**EXERCISE REQUIREMENTS:** Word for word, transcribe the data below from the line with "Подробное описание: Платье" to the line with "Yes, this is", keeping both of those lines.

**RAW DATA:**
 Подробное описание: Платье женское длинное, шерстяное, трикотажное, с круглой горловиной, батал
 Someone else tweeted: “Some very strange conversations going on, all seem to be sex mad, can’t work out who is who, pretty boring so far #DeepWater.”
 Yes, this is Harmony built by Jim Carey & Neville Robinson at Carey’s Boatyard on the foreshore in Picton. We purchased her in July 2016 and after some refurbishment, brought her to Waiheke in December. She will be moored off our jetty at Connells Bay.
---
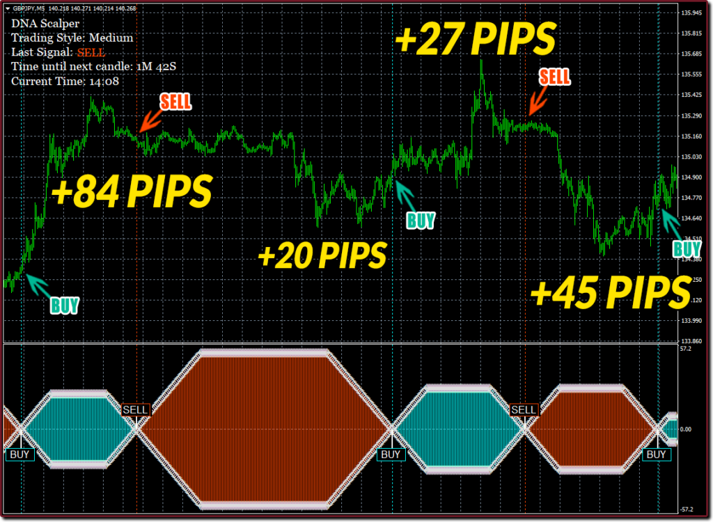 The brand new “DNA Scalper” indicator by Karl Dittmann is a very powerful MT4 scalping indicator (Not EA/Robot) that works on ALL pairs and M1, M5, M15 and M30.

**SOLUTION:**
 Подробное описание: Платье женское длинное, шерстяное, трикотажное, с круглой горловиной, батал
 Someone else tweeted: “Some very strange conversations going on, all seem to be sex mad, can’t work out who is who, pretty boring so far #DeepWater.”
 Yes, this is Harmony built by Jim Carey & Neville Robinson at Carey’s Boatyard on the foreshore in Picton. We purchased her in July 2016 and after some refurbishment, brought her to Waiheke in December. She will be moored off our jetty at Connells Bay.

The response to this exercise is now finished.